──────── RECORDS FOR THIS EXERCISE ────────

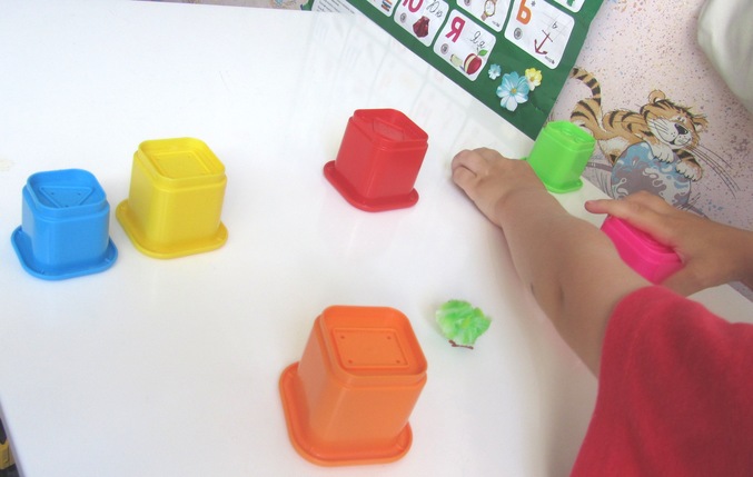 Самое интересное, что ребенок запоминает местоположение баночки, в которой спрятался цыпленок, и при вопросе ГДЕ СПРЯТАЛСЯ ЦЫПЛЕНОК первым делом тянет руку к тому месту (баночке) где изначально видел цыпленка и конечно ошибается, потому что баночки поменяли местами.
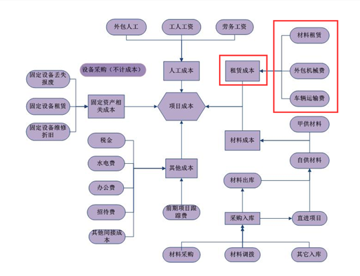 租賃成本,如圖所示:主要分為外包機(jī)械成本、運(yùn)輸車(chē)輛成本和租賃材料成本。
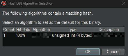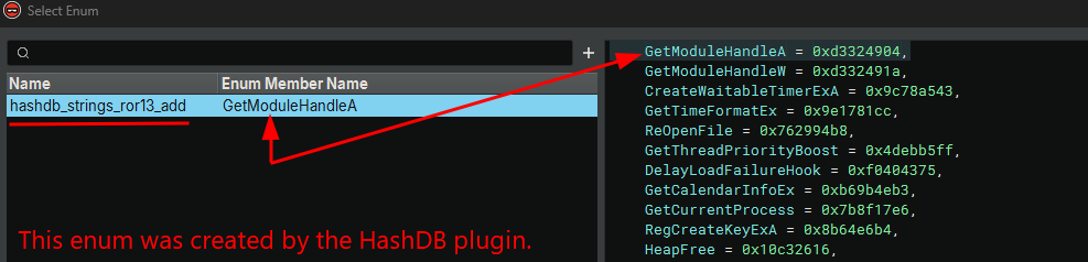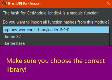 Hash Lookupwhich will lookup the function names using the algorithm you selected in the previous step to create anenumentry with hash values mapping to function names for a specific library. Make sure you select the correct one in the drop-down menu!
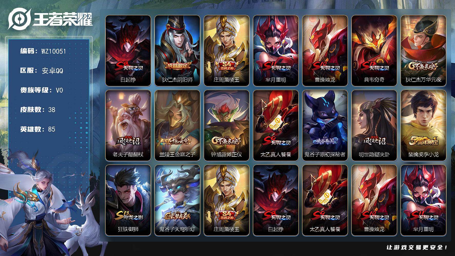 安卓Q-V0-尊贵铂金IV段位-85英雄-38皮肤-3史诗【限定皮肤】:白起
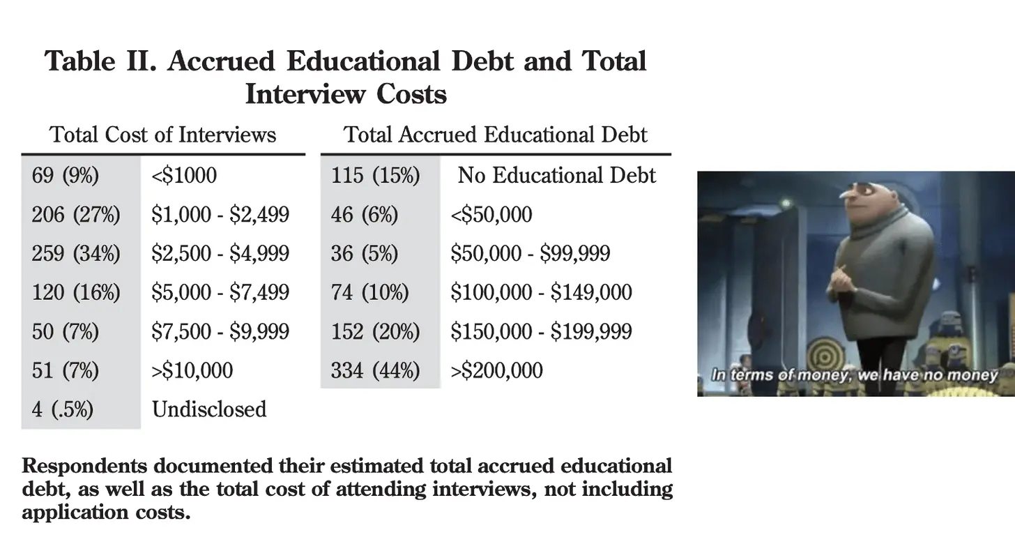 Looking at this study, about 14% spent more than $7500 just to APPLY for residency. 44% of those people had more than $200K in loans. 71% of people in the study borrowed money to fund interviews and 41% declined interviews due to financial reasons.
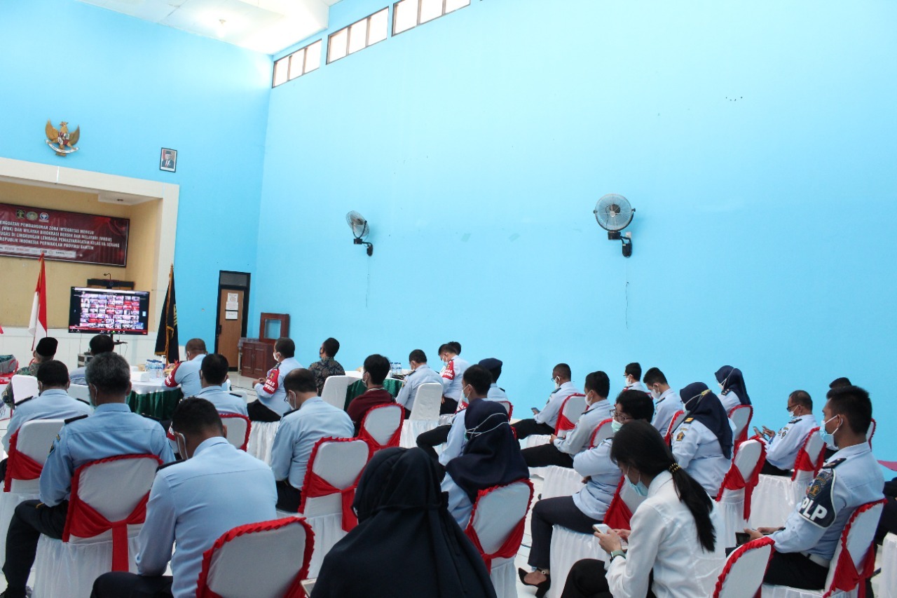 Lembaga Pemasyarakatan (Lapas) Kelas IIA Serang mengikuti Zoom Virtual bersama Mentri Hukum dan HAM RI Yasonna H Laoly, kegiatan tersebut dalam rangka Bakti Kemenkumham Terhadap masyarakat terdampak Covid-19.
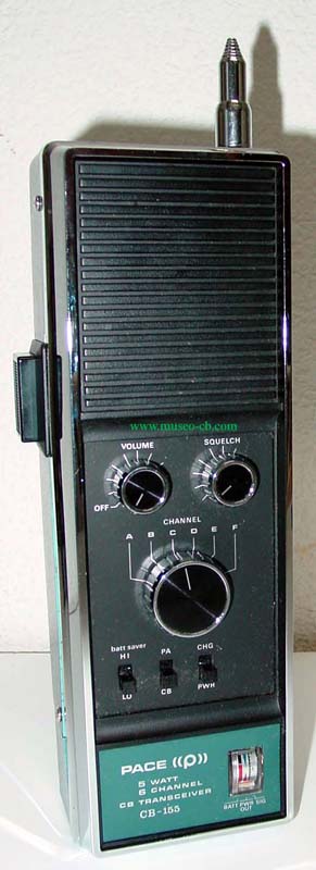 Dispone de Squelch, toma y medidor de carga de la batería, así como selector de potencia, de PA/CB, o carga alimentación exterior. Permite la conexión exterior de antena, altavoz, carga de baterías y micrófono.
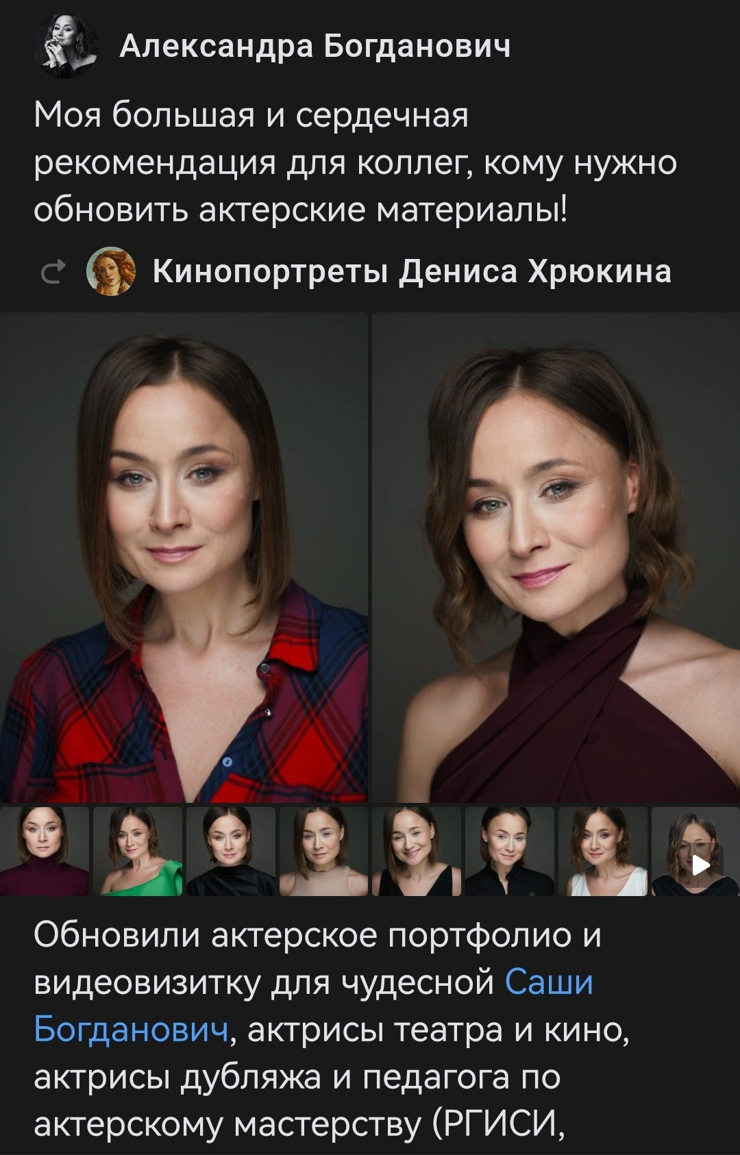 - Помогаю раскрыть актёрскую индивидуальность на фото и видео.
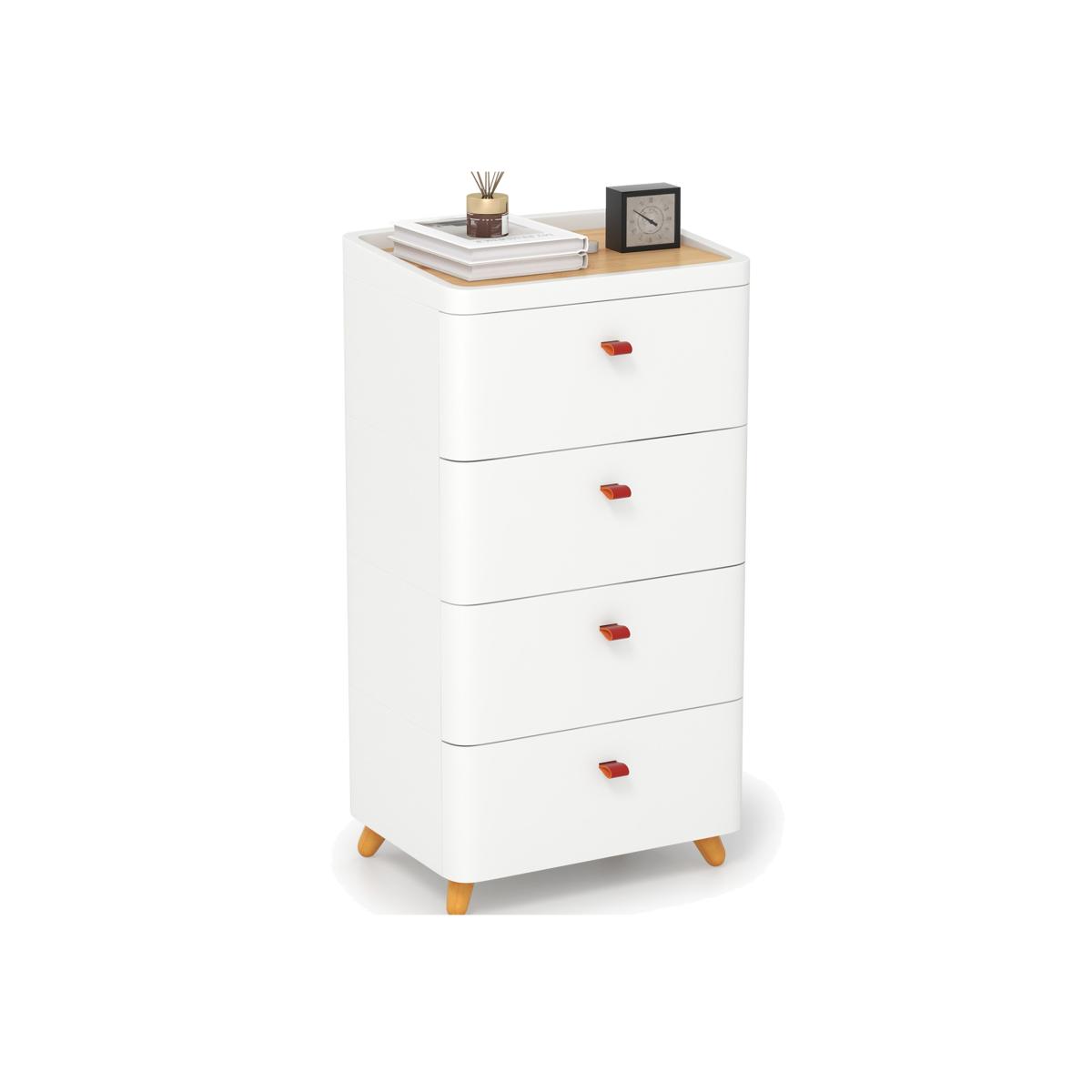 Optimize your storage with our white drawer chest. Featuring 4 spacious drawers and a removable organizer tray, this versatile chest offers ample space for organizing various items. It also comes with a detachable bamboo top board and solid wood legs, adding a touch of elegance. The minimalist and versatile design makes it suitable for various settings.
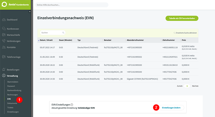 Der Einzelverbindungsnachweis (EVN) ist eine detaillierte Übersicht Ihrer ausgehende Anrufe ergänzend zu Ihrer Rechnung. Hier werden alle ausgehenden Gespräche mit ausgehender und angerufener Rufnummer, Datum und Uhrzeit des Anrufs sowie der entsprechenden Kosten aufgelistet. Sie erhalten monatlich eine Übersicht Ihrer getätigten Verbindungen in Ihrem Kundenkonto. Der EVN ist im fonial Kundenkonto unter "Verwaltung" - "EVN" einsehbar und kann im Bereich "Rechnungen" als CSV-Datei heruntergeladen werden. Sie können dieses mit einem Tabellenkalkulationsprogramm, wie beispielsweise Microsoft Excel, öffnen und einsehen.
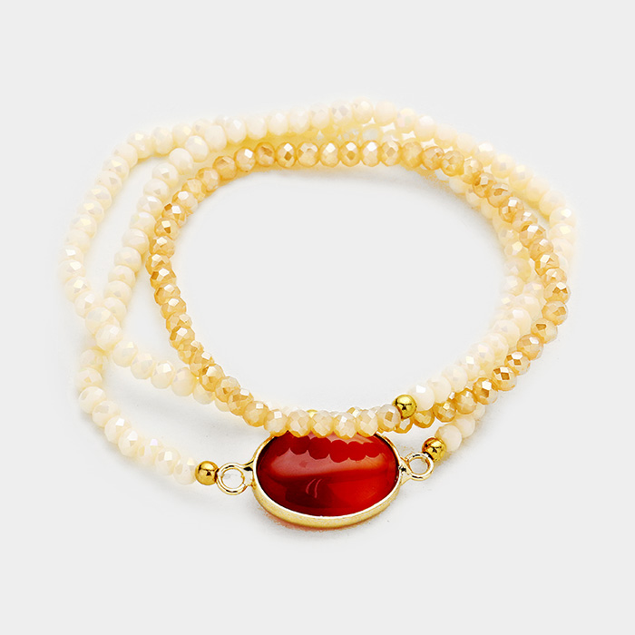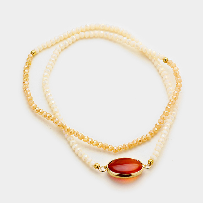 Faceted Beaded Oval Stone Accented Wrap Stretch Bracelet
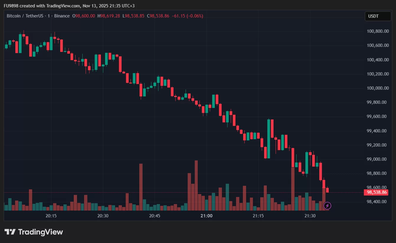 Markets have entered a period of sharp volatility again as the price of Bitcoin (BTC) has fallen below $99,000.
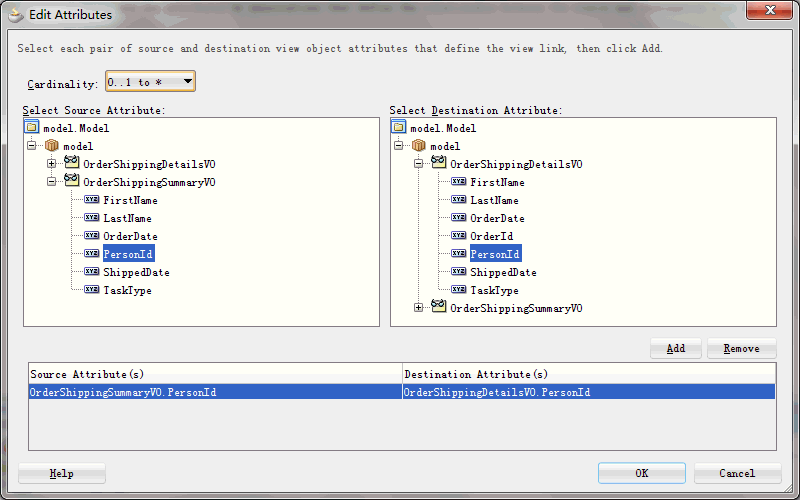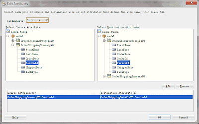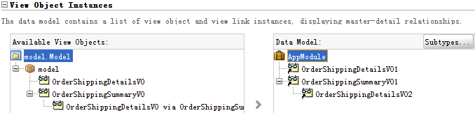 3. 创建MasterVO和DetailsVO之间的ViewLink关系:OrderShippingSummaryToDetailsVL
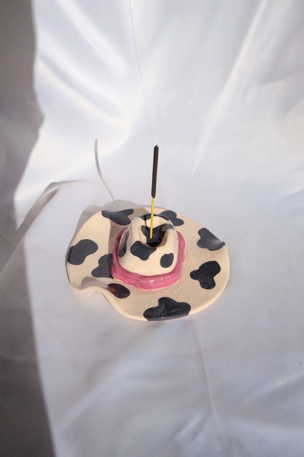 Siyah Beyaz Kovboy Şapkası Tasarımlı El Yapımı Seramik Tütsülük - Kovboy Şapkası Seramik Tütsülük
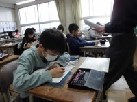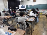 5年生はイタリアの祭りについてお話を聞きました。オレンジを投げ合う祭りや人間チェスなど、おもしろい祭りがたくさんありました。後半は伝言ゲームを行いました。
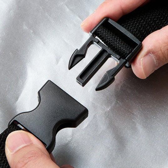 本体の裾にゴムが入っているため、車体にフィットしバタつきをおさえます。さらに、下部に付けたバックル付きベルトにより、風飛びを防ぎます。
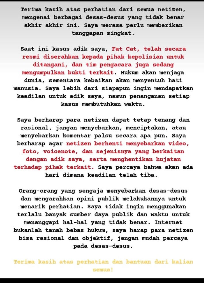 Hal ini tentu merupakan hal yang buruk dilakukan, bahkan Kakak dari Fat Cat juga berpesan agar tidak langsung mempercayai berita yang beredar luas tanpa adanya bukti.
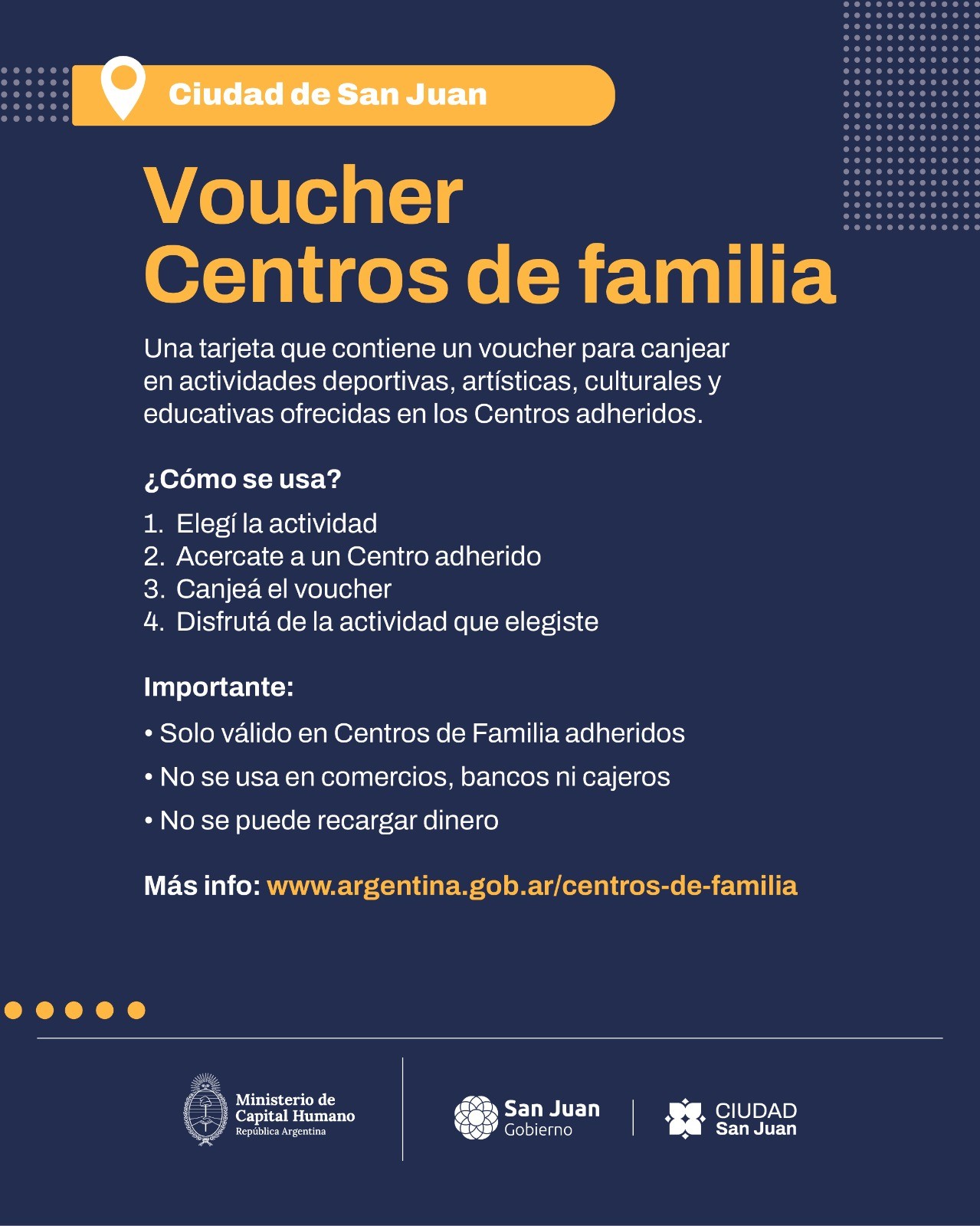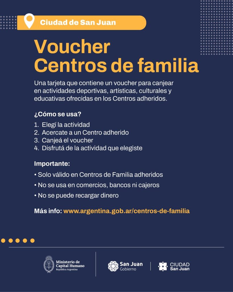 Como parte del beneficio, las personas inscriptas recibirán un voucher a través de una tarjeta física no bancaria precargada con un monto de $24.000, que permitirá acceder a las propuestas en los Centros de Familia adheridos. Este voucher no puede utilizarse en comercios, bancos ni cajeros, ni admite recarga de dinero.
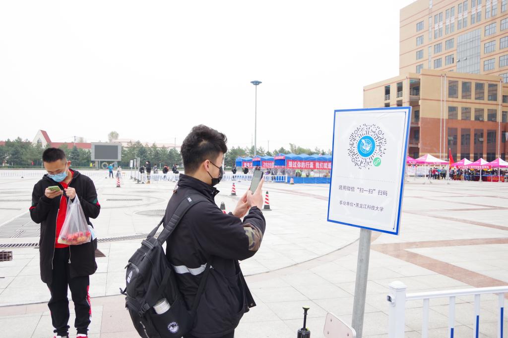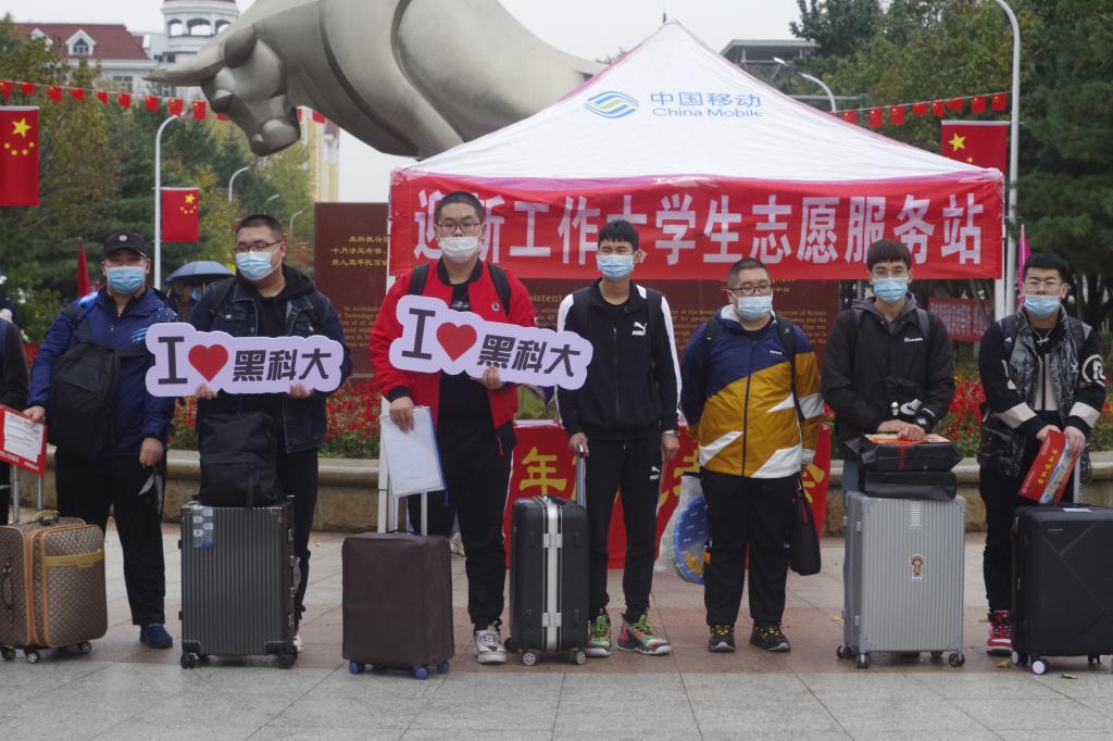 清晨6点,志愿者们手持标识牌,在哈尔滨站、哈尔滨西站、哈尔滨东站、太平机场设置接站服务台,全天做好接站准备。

────────

WHAT THE TASK REQUIRES:
Without the pictures, reproduce every entry exactly as written.

RESPONSE TO THE TASK:
 Самое интересное, что ребенок запоминает местоположение баночки, в которой спрятался цыпленок, и при вопросе ГДЕ СПРЯТАЛСЯ ЦЫПЛЕНОК первым делом тянет руку к тому месту (баночке) где изначально видел цыпленка и конечно ошибается, потому что баночки поменяли местами.
 租賃成本,如圖所示:主要分為外包機(jī)械成本、運(yùn)輸車(chē)輛成本和租賃材料成本。
 Hash Lookupwhich will lookup the function names using the algorithm you selected in the previous step to create anenumentry with hash values mapping to function names for a specific library. Make sure you select the correct one in the drop-down menu!
 安卓Q-V0-尊贵铂金IV段位-85英雄-38皮肤-3史诗【限定皮肤】:白起
 Looking at this study, about 14% spent more than $7500 just to APPLY for residency. 44% of those people had more than $200K in loans. 71% of people in the study borrowed money to fund interviews and 41% declined interviews due to financial reasons.
 Lembaga Pemasyarakatan (Lapas) Kelas IIA Serang mengikuti Zoom Virtual bersama Mentri Hukum dan HAM RI Yasonna H Laoly, kegiatan tersebut dalam rangka Bakti Kemenkumham Terhadap masyarakat terdampak Covid-19.
 Dispone de Squelch, toma y medidor de carga de la batería, así como selector de potencia, de PA/CB, o carga alimentación exterior. Permite la conexión exterior de antena, altavoz, carga de baterías y micrófono.
 - Помогаю раскрыть актёрскую индивидуальность на фото и видео.
 Optimize your storage with our white drawer chest. Featuring 4 spacious drawers and a removable organizer tray, this versatile chest offers ample space for organizing various items. It also comes with a detachable bamboo top board and solid wood legs, adding a touch of elegance. The minimalist and versatile design makes it suitable for various settings.
 Der Einzelverbindungsnachweis (EVN) ist eine detaillierte Übersicht Ihrer ausgehende Anrufe ergänzend zu Ihrer Rechnung. Hier werden alle ausgehenden Gespräche mit ausgehender und angerufener Rufnummer, Datum und Uhrzeit des Anrufs sowie der entsprechenden Kosten aufgelistet. Sie erhalten monatlich eine Übersicht Ihrer getätigten Verbindungen in Ihrem Kundenkonto. Der EVN ist im fonial Kundenkonto unter "Verwaltung" - "EVN" einsehbar und kann im Bereich "Rechnungen" als CSV-Datei heruntergeladen werden. Sie können dieses mit einem Tabellenkalkulationsprogramm, wie beispielsweise Microsoft Excel, öffnen und einsehen.
 Faceted Beaded Oval Stone Accented Wrap Stretch Bracelet
 Markets have entered a period of sharp volatility again as the price of Bitcoin (BTC) has fallen below $99,000.
 3. 创建MasterVO和DetailsVO之间的ViewLink关系:OrderShippingSummaryToDetailsVL
 Siyah Beyaz Kovboy Şapkası Tasarımlı El Yapımı Seramik Tütsülük - Kovboy Şapkası Seramik Tütsülük
 5年生はイタリアの祭りについてお話を聞きました。オレンジを投げ合う祭りや人間チェスなど、おもしろい祭りがたくさんありました。後半は伝言ゲームを行いました。
 本体の裾にゴムが入っているため、車体にフィットしバタつきをおさえます。さらに、下部に付けたバックル付きベルトにより、風飛びを防ぎます。
 Hal ini tentu merupakan hal yang buruk dilakukan, bahkan Kakak dari Fat Cat juga berpesan agar tidak langsung mempercayai berita yang beredar luas tanpa adanya bukti.
 Como parte del beneficio, las personas inscriptas recibirán un voucher a través de una tarjeta física no bancaria precargada con un monto de $24.000, que permitirá acceder a las propuestas en los Centros de Familia adheridos. Este voucher no puede utilizarse en comercios, bancos ni cajeros, ni admite recarga de dinero.
 清晨6点,志愿者们手持标识牌,在哈尔滨站、哈尔滨西站、哈尔滨东站、太平机场设置接站服务台,全天做好接站准备。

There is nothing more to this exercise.